Book: AI Agents Pocket Guide
Also by me: LLM Observability Pocket Guide
My project: Hermes IDE | GitHub — an IDE for developers who ship with Claude Code and other AI coding tools
Me: xgabriel.com | GitHub

In April 2026, Security Boulevard ran the headline number nobody wanted, citing the Arkose Labs 2026 Agentic AI Security Report: 97% of enterprise leaders expect a material AI-agent-driven security or fraud incident within the next 12 months. Nearly half expect one within six months. And 6% of security budgets are pointed at the problem. (Methodology: 300 enterprise leaders across security, fraud, identity and AI roles in North America, Europe and APAC, fielded February 2026.)

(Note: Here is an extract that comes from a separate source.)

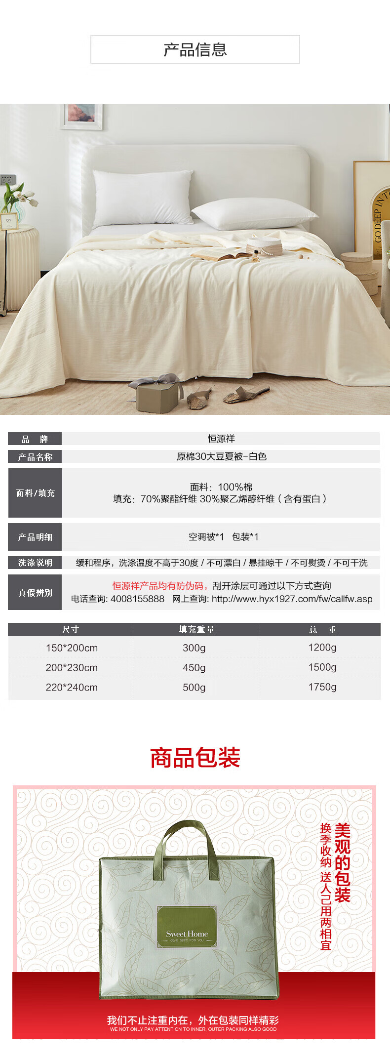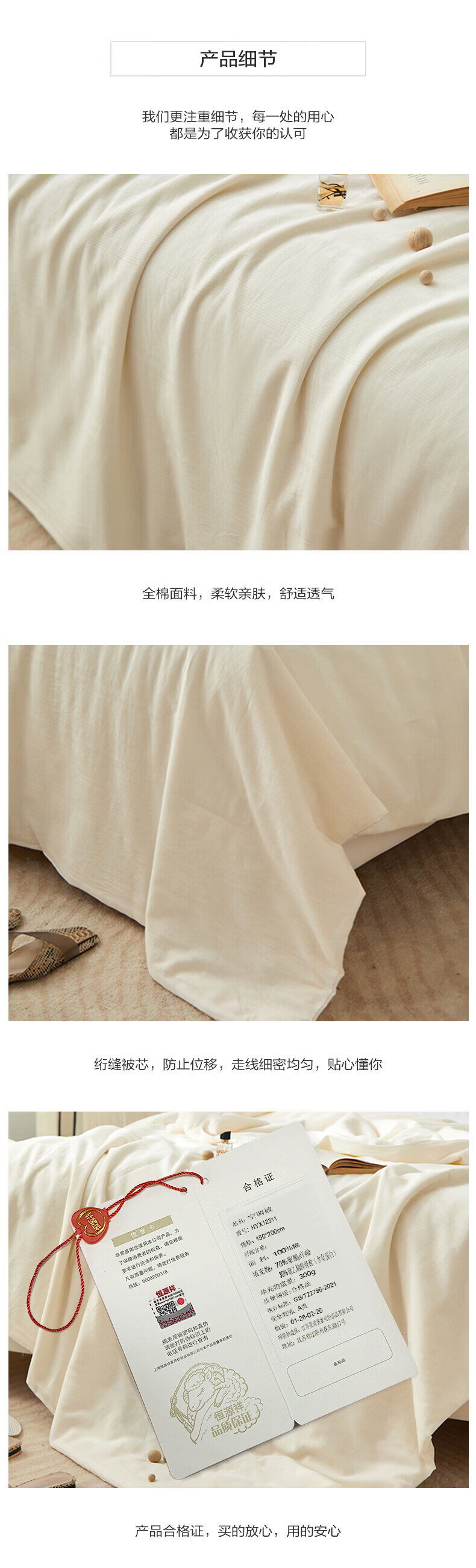 恒源祥被子大豆空调被A类柔软透气简约纯色学生宿舍居家单双人春夏被 白色 150cm*200cm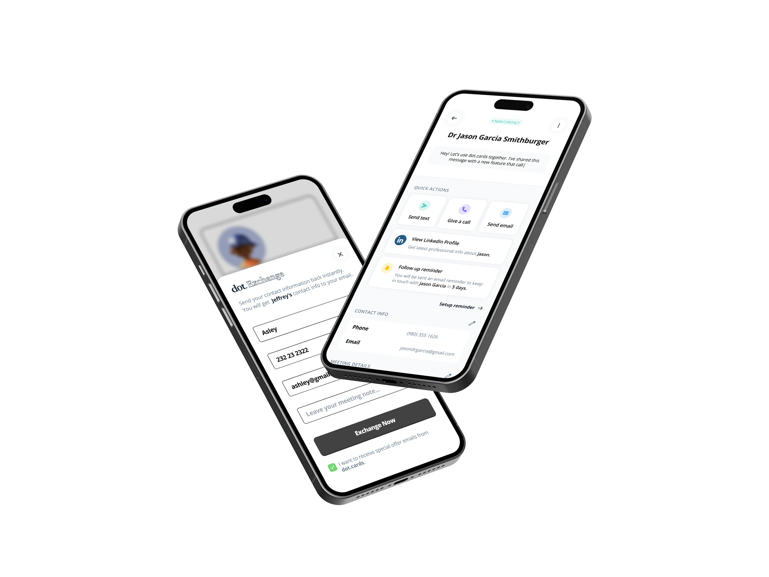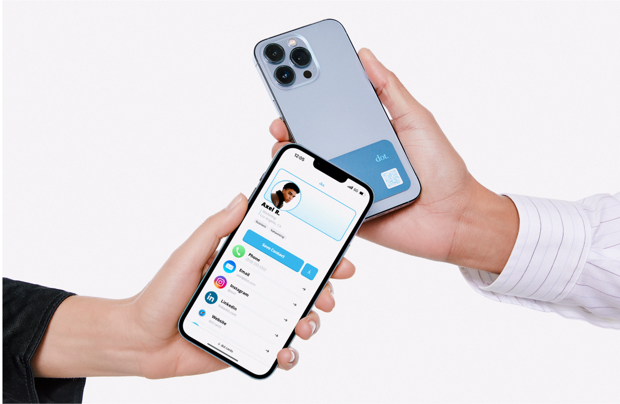 Switching to a digital business card like dot.card is not only sustainable, reducing paper waste, but also enhances efficiency with its one-tap sharing and universal compatibility with smartphones.

Those three numbers do not balance. That's the whole post.

The other shoe is from Infosecurity Magazine, reporting on the Cloud Security Alliance study Autonomous but Not Controlled: AI Agent Incidents Now Common in Enterprises (commissioned by Token Security) published the same month: 65% of organizations had at least one AI-agent-related incident in the prior 12 months. 61% saw data exposure. 43% saw operational disruption. 35% reported financial loss. (Methodology: online survey of 418 IT and security professionals across organizations of varying size and geography, fielded January 2026.) The expectation in the first stat is already happening in the second.

If you're running agents in production and your reaction to "97%" is "yeah, that tracks," you're honest. If your reaction is "we're fine," I want to know what you're shipping. This post is the readiness checklist for staying in the 3% — five mechanisms, mapped to the failure modes that produce the headline numbers, plus a Python middleware sketch for the most-skipped one.

What "major" means in this survey

Read the report carefully and "major incident" is not abstract. The CSA paper sorts the actual outcomes from the past year into four buckets:

Data exposure. An agent reads from a system it had token-level access to but no business reason to query, then emits the contents into a log, an email, or another agent's context window. The internal-data leak class.
Account takeover. An agent's service-account credential ends up in a prompt, a retrieved doc, or a cached response. Someone exfiltrates the credential. The agent's blast radius is now the attacker's blast radius.
Destructive action. An agent calls a tool with side effects. The tool deletes, drops, mutates, ships. The Replit-class incident, where the agent deleted a production database despite an in-place code freeze during a SaaStr vibe-coding session.
Financial loss. An agent loops on an expensive API. A compromised agent transfers funds, places trades, or buys ad inventory. The bill arrives.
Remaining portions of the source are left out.